__WHAT YOU ARE ASKED TO DO__: Give the data again exactly, without its images.

__RECORDED INFORMATION__:
---

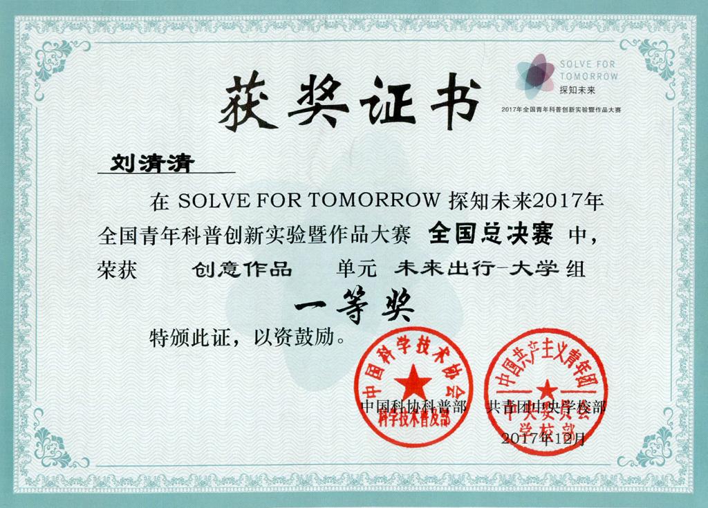大赛由中国科学技术协会科普部、共青团中央学校部主办,中国科学技术馆、中国科协青少年科技中心承办。刘清清团队在获得上海赛区冠军之后,在与其他全国十四个分赛区队伍的激烈角逐中,脱颖而出。在可行性、科学性、创新性、完整性、美观性、现场表现共六个方面得到评委的高度评价,一举夺冠。12月24日,在中央电视台新闻联播的国内联播快讯中,报道了此次大赛及其获奖情况。
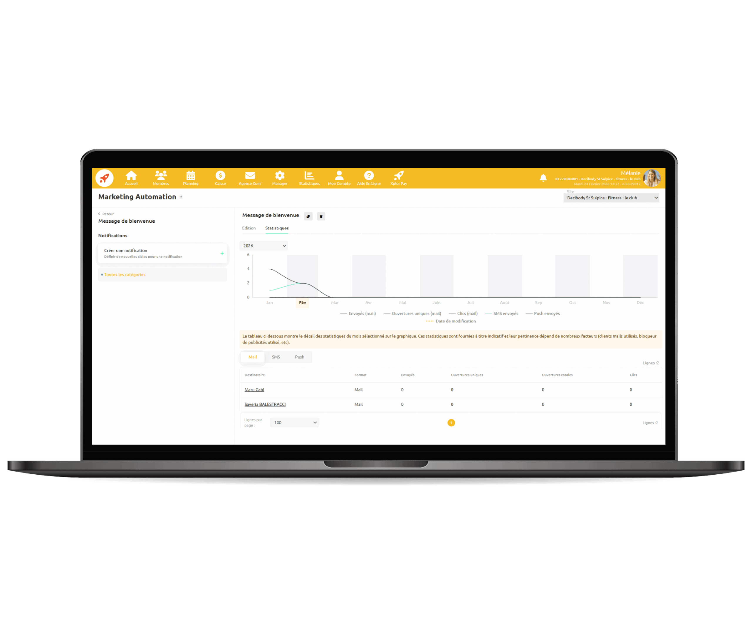 E-mail de bienvenue, confirmation et rappel de réservation, anniversaire, renouvellement d'abonnement ou promotions…
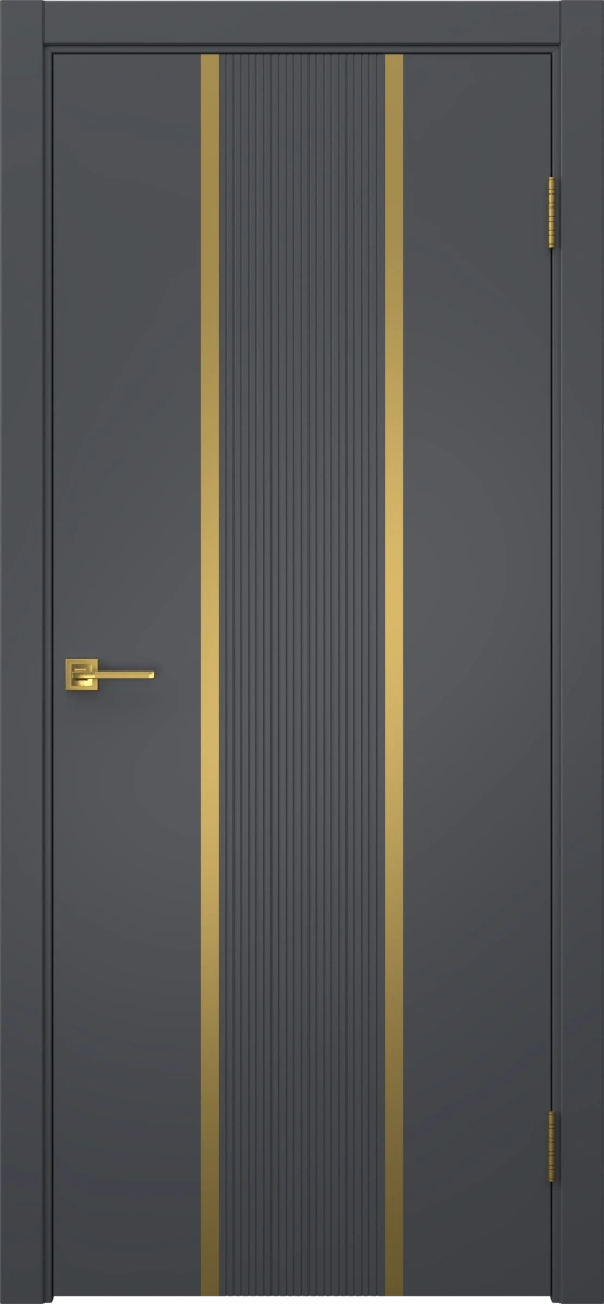 Межкомнатная современная каркасная фрезерованная дверь, покрытая эмалью в цвете «графит», глухая, с золотым молдингом. Полотно изготовлено из срощенного соснового бруса, сотового наполнителя и МДФ. Комплектуется дверной коробкой с телескопическими наличниками. Изготавливаются под заказ двери нестандартных размеров.
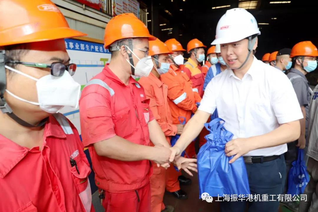 上海征途国际港机重工党支部书记、副总经理、工会主席王卫乔一同参加了现场慰问。

---

__EXERCISE RESPONSE__:
大赛由中国科学技术协会科普部、共青团中央学校部主办,中国科学技术馆、中国科协青少年科技中心承办。刘清清团队在获得上海赛区冠军之后,在与其他全国十四个分赛区队伍的激烈角逐中,脱颖而出。在可行性、科学性、创新性、完整性、美观性、现场表现共六个方面得到评委的高度评价,一举夺冠。12月24日,在中央电视台新闻联播的国内联播快讯中,报道了此次大赛及其获奖情况。
 E-mail de bienvenue, confirmation et rappel de réservation, anniversaire, renouvellement d'abonnement ou promotions…
 Межкомнатная современная каркасная фрезерованная дверь, покрытая эмалью в цвете «графит», глухая, с золотым молдингом. Полотно изготовлено из срощенного соснового бруса, сотового наполнителя и МДФ. Комплектуется дверной коробкой с телескопическими наличниками. Изготавливаются под заказ двери нестандартных размеров.
 上海征途国际港机重工党支部书记、副总经理、工会主席王卫乔一同参加了现场慰问。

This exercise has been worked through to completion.